第18章 Genesis1:1-5
「うるさいじゃねえだろ?」
ひやりと底冷えのするような迫力のある松岡の爺さんの声。
久しぶりに聞いた。
「…離して」
「ごめんなさいだろお?」
その時、後ろの車がクラクションを鳴らした。
とっくに信号は青に変わってる。
「ごめん…」
ニヤリと笑った松岡の爺さんが手を離すと、和也は後部座席に崩れ落ちるように座った。
「出すぞお。
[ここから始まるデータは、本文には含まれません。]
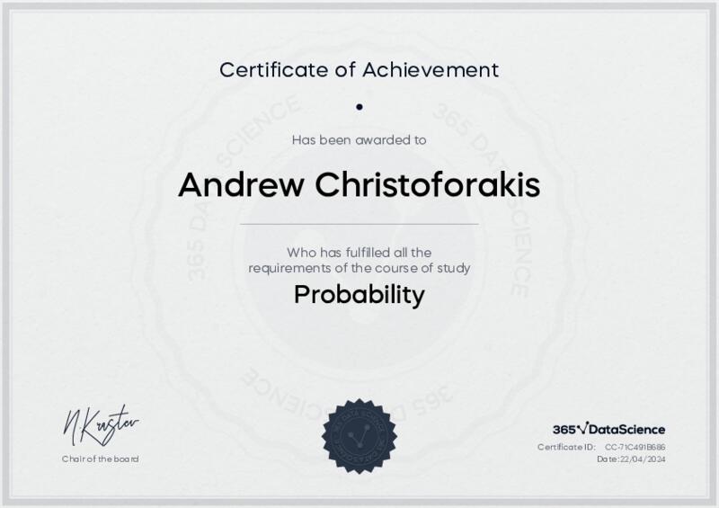 This user has been awarded the Probability Certificate for successfully completing the course exam. Holding this certificate demonstrates their proficiency on the topic and signifies they are qualified to apply their newly acquired expertise in the fields of data analytics and data science.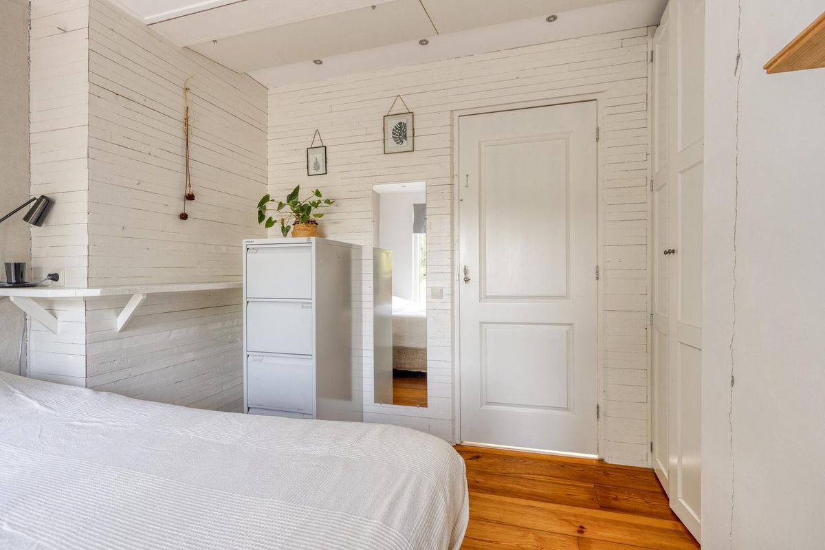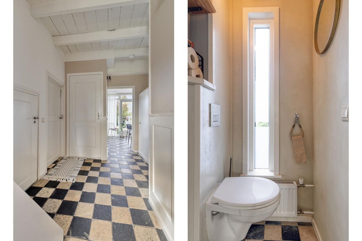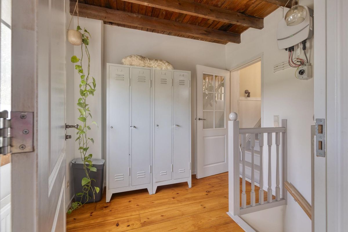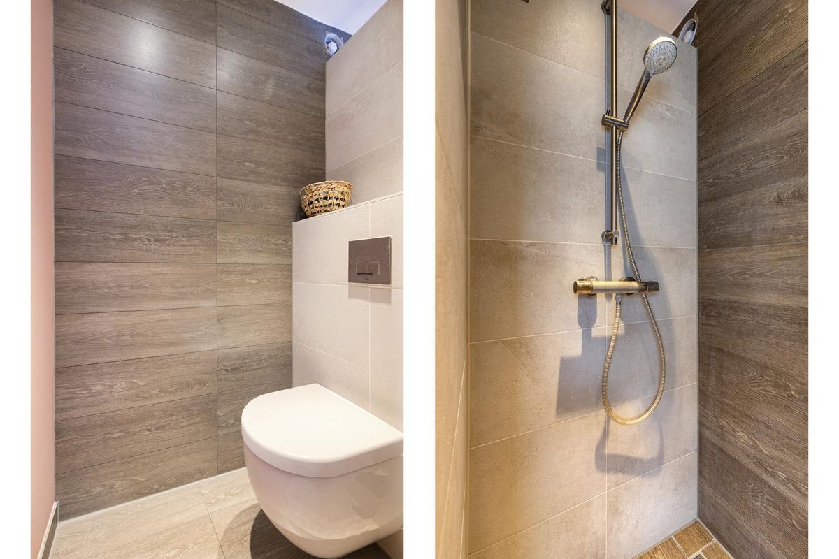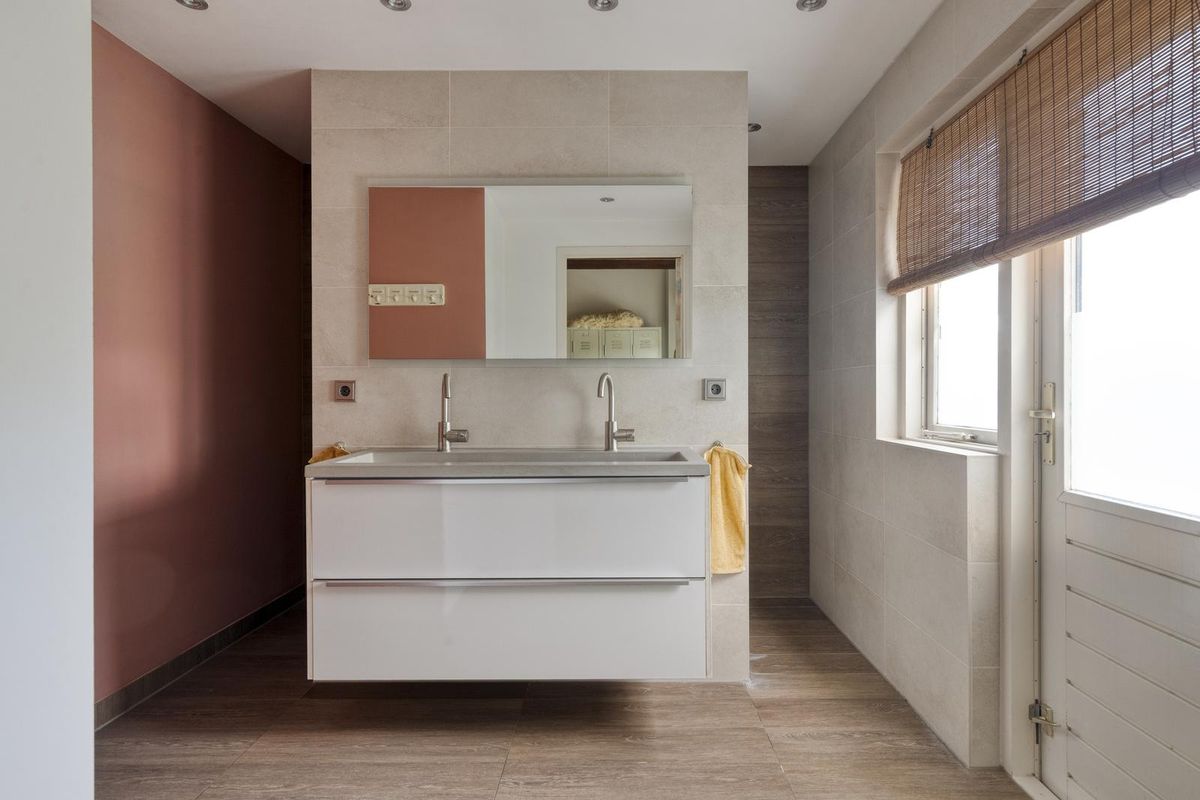Op de tussenverdieping bevindt zich de ruime badkamer, compleet met inloopdouche, dubbele wastafel en tweede toilet.
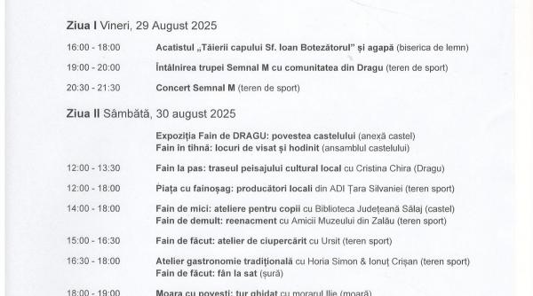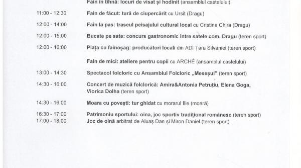 Fain de Dragu este un eveniment deschis pentru toate varstele, care va incepe sambata cu un tur ghidat la pas al peisajului cultural local, urmat de deschiderea targului de producatori locali din Tara Silvaniei - „Piata cu fainosag”. Intre timp, copiii isi pot petrece timpul in preajma castelului, alaturi de Asociatia Amicii Muzeului din Zalau si de reprezentantii Bibliotecii Judetene I.S. Badescu, unde vor descoperi povestea serioasa povestita neserios a patrimoniului si istoriei locului. Experienta va fi completata de o sesiune de reenactment istoric, o forma creativa de educatie si arheologie experimentala. Dupa-amiaza va fi intesata cu ateliere pentru curiosi, de la ciupercarit cu Dan Olar, cunoscut ca Ursit, la gastronomie locala traditionala cu Horia Simion, Ionut Crisan si Mircea Groza, un atelier de facut fan cu unul dintre localnicii comunei si un tur ghidat al Morii cu Valturi din Dragu, care va fi si gazda unei expozitii de arta contemporana. Asfintitul va veni cu vibratii muzicale electrizante aduse de CORBU si invitatii sai, atat live in parcul din jurul castelului, cat si intr-o petrecere de dans „ca pe vremuri” - o discoteca de pe casete audio, in sura cunoscuta in sat ca „La Iovucu lui Zaharie” sau „La Emil al lui Fechete de pe fata”. Iar Dan Ursit isi va pune palaria de povestitor si va impartasi patanii si snoave in jurul focului de tabara din parc.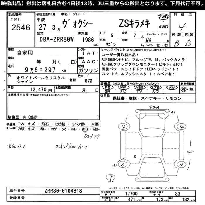 TOYOTA VOXY 2015 г., лот № 2546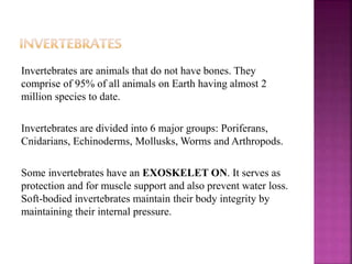 This document summarizes the six major groups of invertebrates: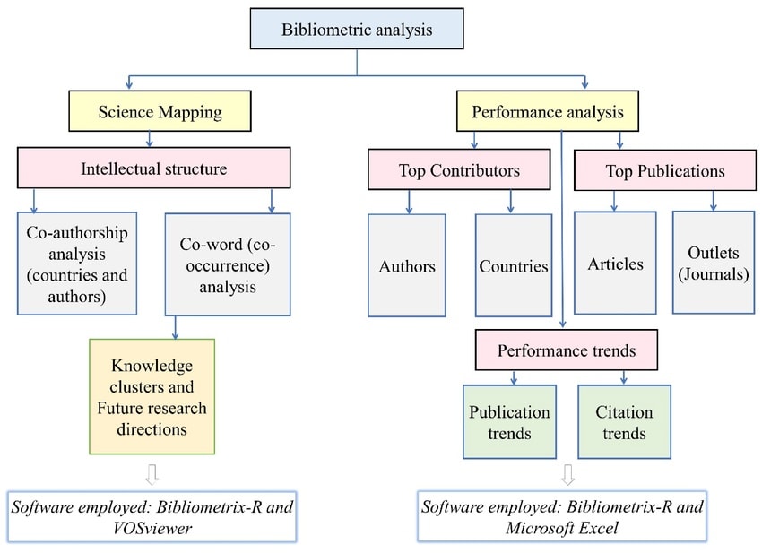 Performance analysis focuses on evaluating the productivity and impact of authors, institutions, countries, and journals. Metrics such as publication count, citation trends, and h-index provide a clear picture of performance and influence within the academic community.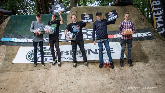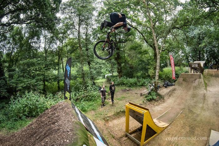 That later date came this weekend (Sunday 4th September) with a tour favourite, Holdshott Trails chosen as the venue. The weather tried to interrupt the proceedings once again, with a few showers leading up to the event, but luckily Holdshott Trails can take on a fair amount of water before they become unrideable. At the last round held here, the open class competed on the 'comp line' dirt jumps and the pro class on the newly built 'slope line', this time the organisers handed the decision to the riders with both categories unanimously voting to compete on the 'slope line'. With all the riders signed up and the course decided, it was time to pad up and get the competition underway.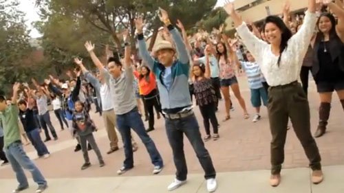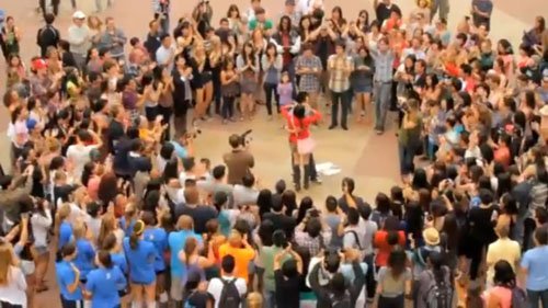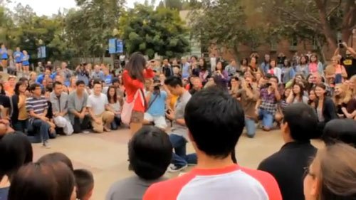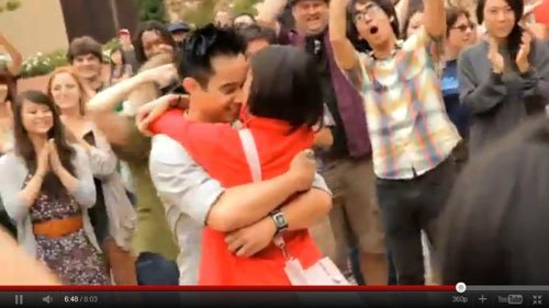 Chàng trai nắm tay, đưa cô gái đến nơi hai người gặp nhau lần đầu, đó là một sảnh nhỏ trong khuôn viên trường ĐH California. Đôi trẻ vừa xuất hiện thì mọi người bắt đầu trình diễn flashmob dưới sân. Chàng trai cũng hòa vào điệu nhảy trên nền nhạc "I can't take my eyes off you" sôi động.

シートベルトしろよお」
また間の抜けた声を出すと、爺さんは車を発進させた。
滑らかに朝の東京の街を車は走っていく。
「なんなのあのジジイ」
素直にシートベルトを締めながらも、悪態をつくのは20歳を過ぎた今も相変わらずだ。
「おまえねえ、そういうの良くねえよ?」
「ジジイはジジイでしょうよ!」
「これでも昔はブイブイ言わせてたんだぞお?」
戯けて言っているがこの爺さんは腕利きだったんだ。
和也のことなんか、その気になったら今でも瞬殺できるだろう。
「ぜってー殺してやる」
「ああ。いつでもいいぜ?」
「ムカつく!ムカつく!ムカつく!」
その後は、車の中は静かだった。
和也はぷりぷりしてたけど、しばらくしたら松岡の爺さんの方へ目を遣ったまま黙ってる。
目が据わってるから、どうやって殺そうかシュミレーションをしてるんだ。